> The task
Starting at the line that contains "오리엔탈페인팅 꽃포인트벽지 꽃뮤럴벽지", output each line exactly as written through the end of the listing below, but leave out the pictures.

Given material Block Start

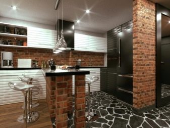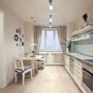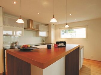 من المهم جدًا هنا التفكير في الإضاءة عالية الجودة لكل منطقة في المطبخ. يمكن أن يكون الضوء المنتشر الخافت قليلاً في منطقة الصالة فقط. يجب أن تضاء بقية الأماكن بأكبر قدر ممكن من السطوع ، بطريقة أصلية. للقيام بذلك ، استخدم الهياكل المعلقة أو مصابيح الهالوجين أو شرائط أو مصابيح LED..
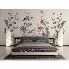 오리엔탈페인팅 꽃포인트벽지 꽃뮤럴벽지 꽃벽지 꽃디자인벽지, 프리미엄실크벽지/J 404304
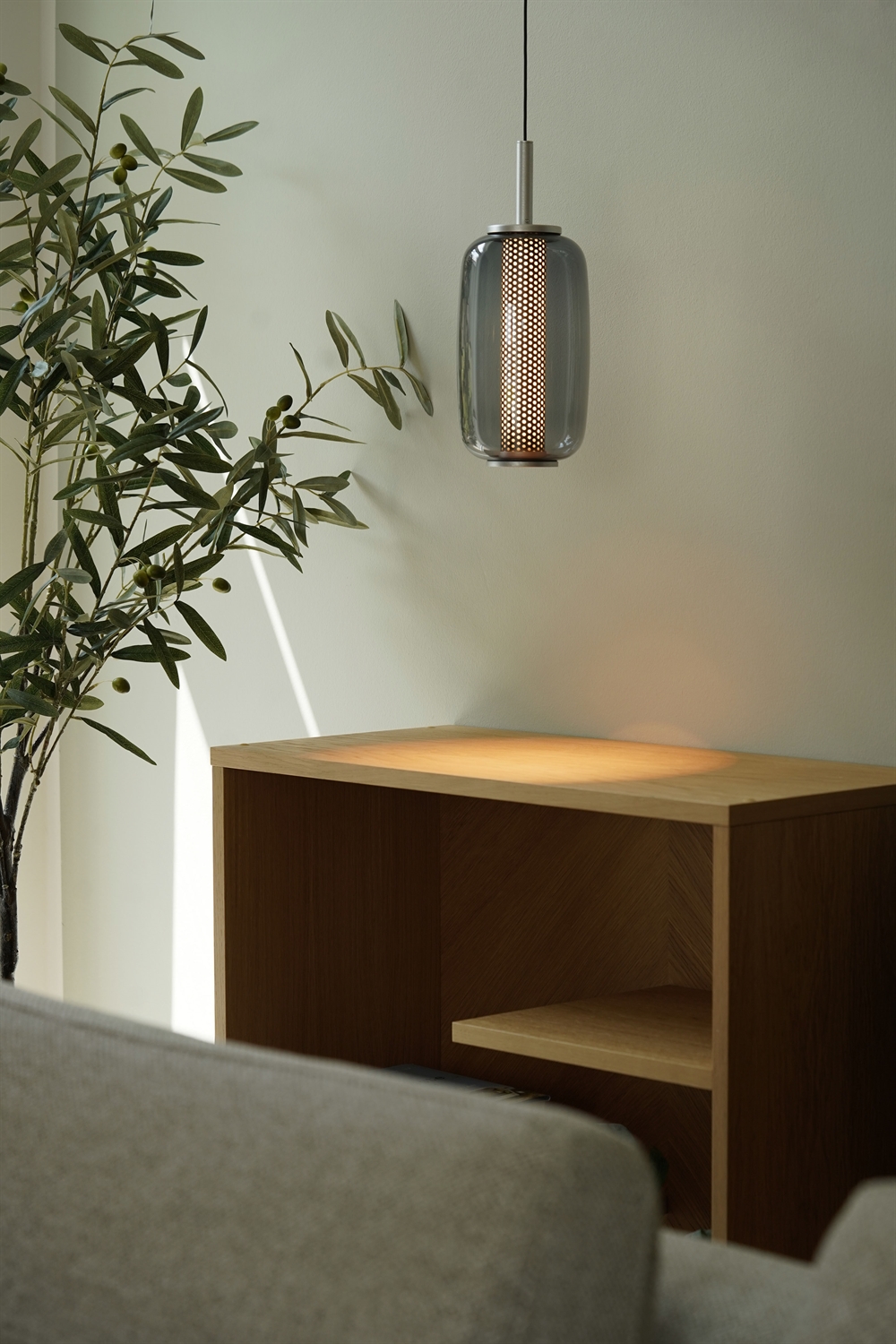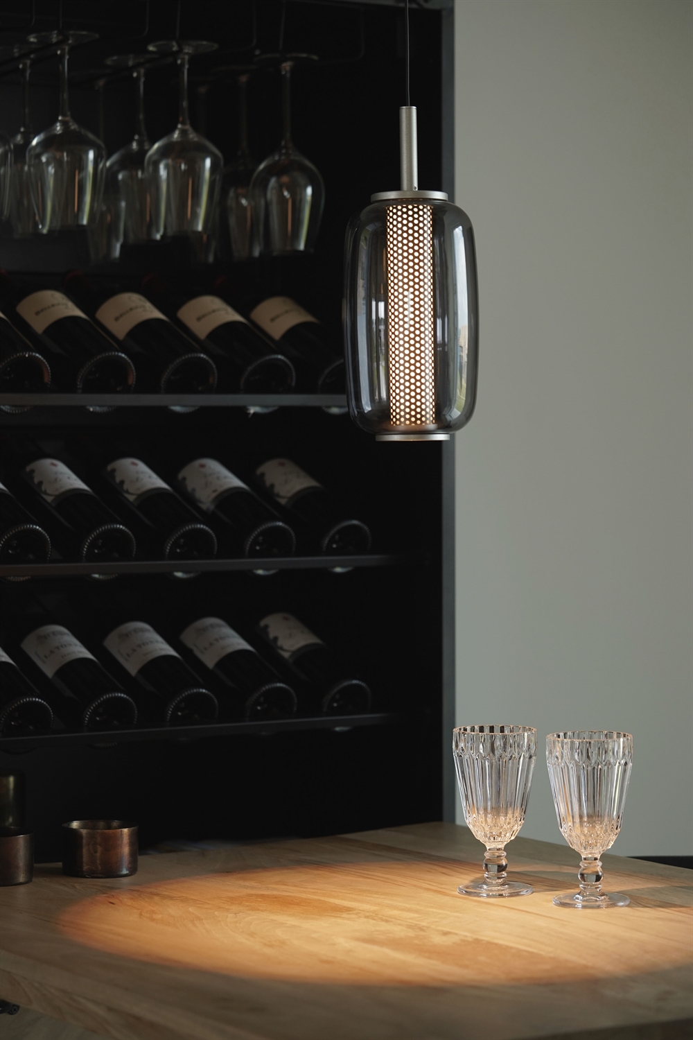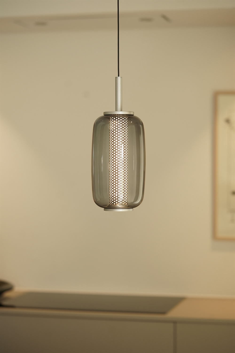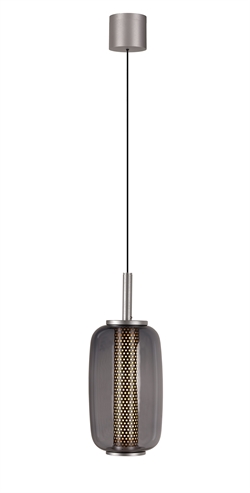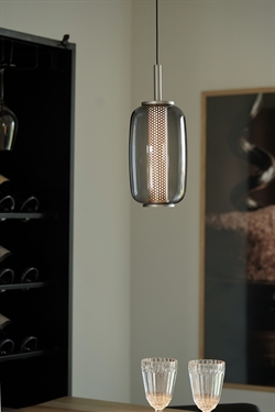 Lampa wisząca została wykonana z przyciemnianego szkła oraz perforowanego wewnętrznego klosza, co tworzy ciekawy kontrast w projekcie. Wewnętrzny klosz pomaga kształtować światło, a zewnętrzny szklany klosz nadaje lampie elegancki i dekoracyjny charakter. To świetny wybór jako oświetlenie nad stołem w jadalni lub wyspą kuchenną oraz jako oświetlenie nastrojowe w wielu aranżacjach.

Given material Block End

> Output below
 오리엔탈페인팅 꽃포인트벽지 꽃뮤럴벽지 꽃벽지 꽃디자인벽지, 프리미엄실크벽지/J 404304
 Lampa wisząca została wykonana z przyciemnianego szkła oraz perforowanego wewnętrznego klosza, co tworzy ciekawy kontrast w projekcie. Wewnętrzny klosz pomaga kształtować światło, a zewnętrzny szklany klosz nadaje lampie elegancki i dekoracyjny charakter. To świetny wybór jako oświetlenie nad stołem w jadalni lub wyspą kuchenną oraz jako oświetlenie nastrojowe w wielu aranżacjach.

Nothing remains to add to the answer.